This is standard practice. Otherwise the railway who has a high fixed startup cost simply can't compete with a bus route who's fixed costs are so much lower as they don't have to build and maintain the road they run on.
The big problem with Public Transport is that it only makes a 'profit' on certain routes and certain times of the day. To get a regular full time service over all areas you have to have strong regulations.
I would expect that PT if left to 'market forces' would run 2 hours in the morning peak, 2 hours in the evening and would be operated by 30 year old junk heaps of buses that barely operate. You would have no services during the day, evening or weekends.
I'm of the opinion that governments should operate PT directly, however governments typically have terrible trouble running large concerns effciently - politics kicks in and the organisations get used as some sort of 'sheltered workshop' to make employment figures look good.

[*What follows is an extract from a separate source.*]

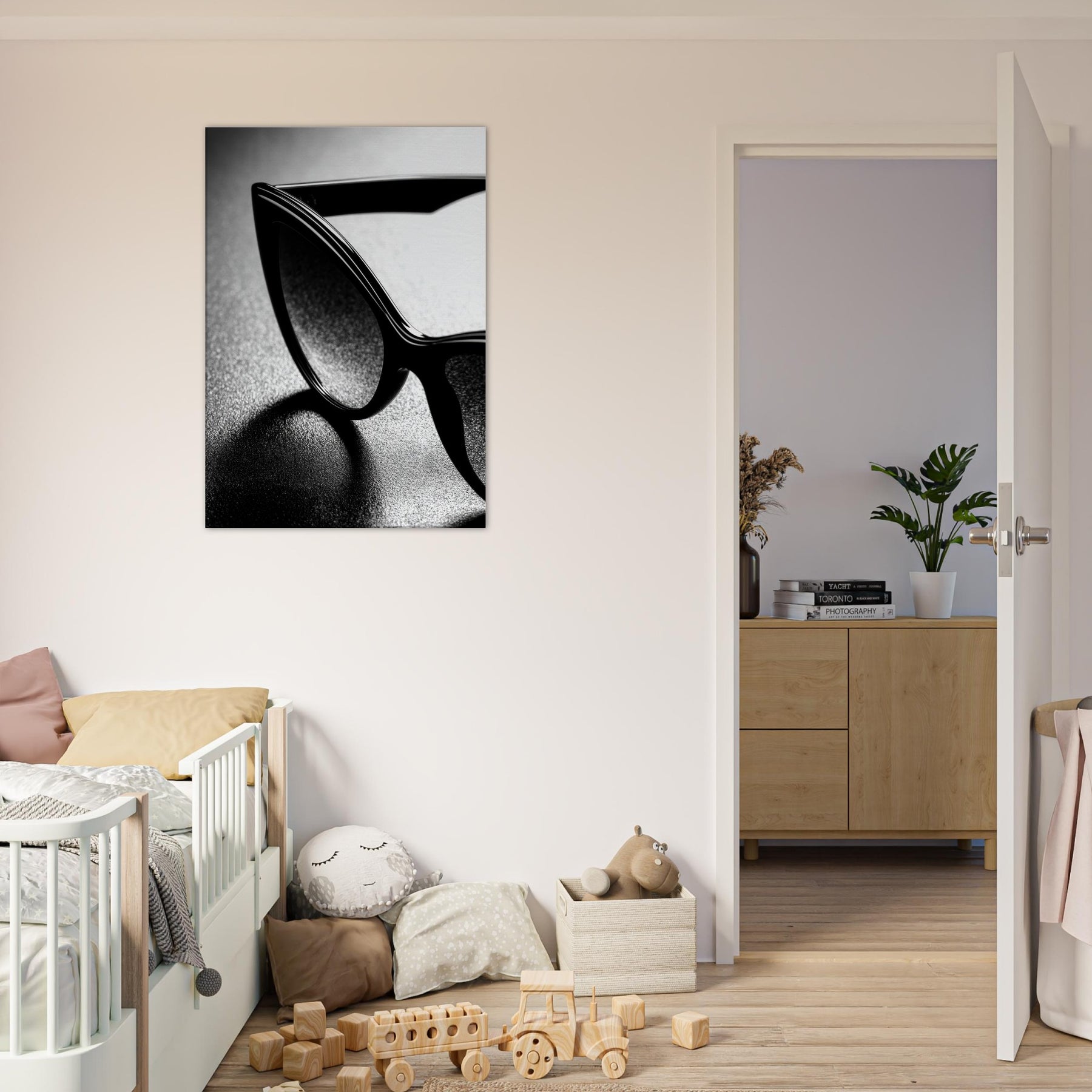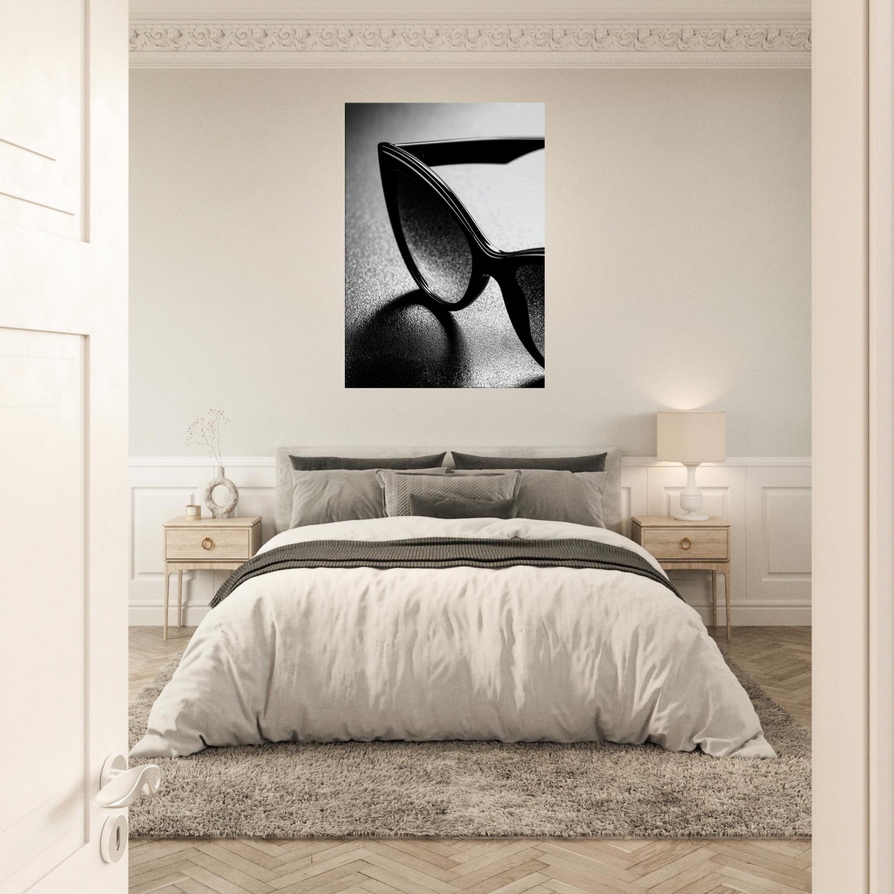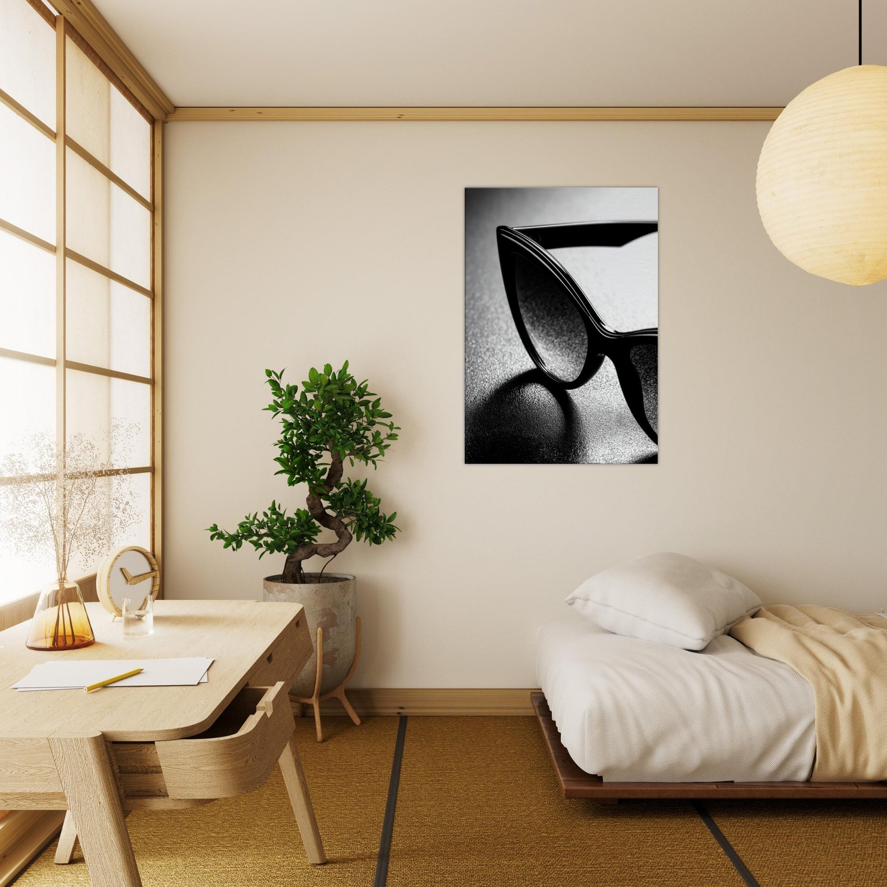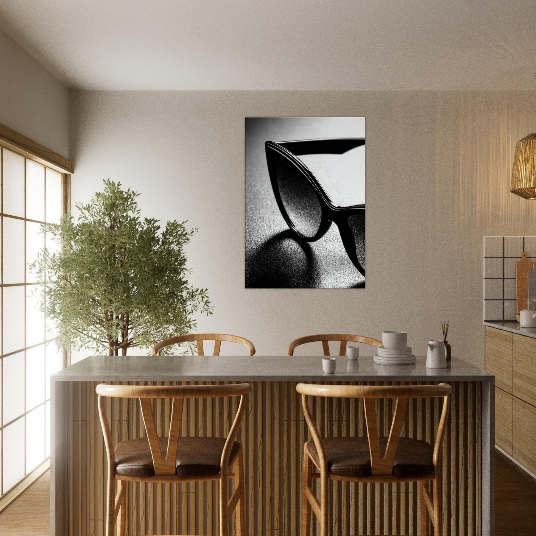An icon in monochrome, Sunglasses become a whisper of attitude and breath in a quiet room. This black and white study captures a moment when style shifts from detail to silhouette, casting a cool, cinematic mood across walls and fabric alike. The glossy frame and soft shadows invite lingering glances, making the space feel intimate and observant. Perfect for a living room or gallery nook, it pairs with modern furniture to create a refined, timeless atmosphere.
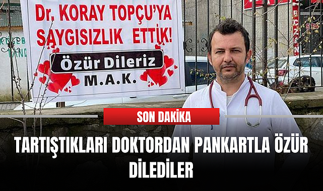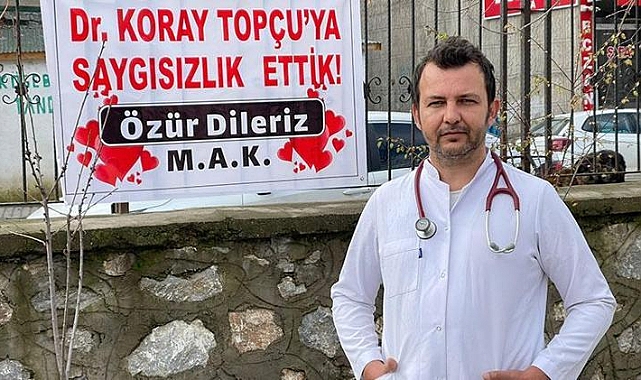Muş'un Hasköy ilçesinde bir hasta ile yakını, tartıştıkları aile hekiminden görev yaptığı Toplum Sağlığı Merkezi'nin bahçesine astıkları pankartla özür diledi. Hasköy ilçesindeki Toplum Sağlığı Merkezi’nde 21 Aralık günü aile hekimi Koray Topçu (41) ile hasta ve yakınları arasında muayene sırasında tartışma yaşandı. Tartışmanın ardından merkezden ayrılan hasta ile yakını, astıkları pankartla Dr. Topçu'dan özür diledi. Hasta ve yakını merkezin bahçe duvarındaki demir parmaklıklara 'Dr. Koray Topçu’ya saygısızlık ettik! Özür dileriz. M.A.K' yazılı pankart astı. 13 yıldır Muş’ta görev yaptığını belirten Dr. Topçu, “İzmirli olmama rağmen, çok uzun zamandır burada görev yapıyorum. Halkı ile aramız iyi. Ama arada bir böyle münferit olaylar yaşanabiliyor.Geçen hafta muayene sırasında bir hasta ve onun yakınıyla ufak çaplı bir tartışma yaşandı. Fakat ertesi gün bu kişiler yaptıklarından dolayı pişman olarak, gelip benden özür diledi. Sonrasında bir özür pankartı hazırlayarak, aile sağlığı merkezinin bahçe duvarındaki demir parmaklıklara asmışlar. Sabah gelirken gördüğüm pankarttaki yazı çok hoşuma gitti" diye konuştu. Sonrasında bizim olayımız tatlıya bağlandı. Kendi sosyal medya hesaplarımdan bu anın görüntüsünü paylaştım. Açıkçası çok güzel tepkiler de geldi. Etraftaki insanlar, değerli meslektaşlarım ve sağlık çalışanları güzel tepkiler verdiler. Temennim; sağlıkta şiddetin bir an önce çözümlenmesi yolunda ve bu hem hastalar açısından, hem sağlık çalışanları açısından mutlaka çok iyi olacaktır. En azından bu görüntüyle, bu pankartla, bu karşılıklı anlaşmayla birlikte buna da bir umut ışığı olabiliyorsak ne mutlu bize."

However if you 'privatise' you need a strong transport regulator to ensure that that the companies are held to their supply contracts and that the government just doesn't end up funelling money into the pockets of the transport company shareholders. To often this is what appears to happen and socially every one was probably better off with the sheltered workshop model...
You need a strong transport regulator who works with the land use/planning people and together they make a development plan that includes the whole spectrum of land use, they draw bus and rail routes on the maps as decided by expert transport planners and either run the services them selves or write strong contracts for private companies to operate said services.
But it has to be controlled and planned from the top in a holistic manner for the long term good.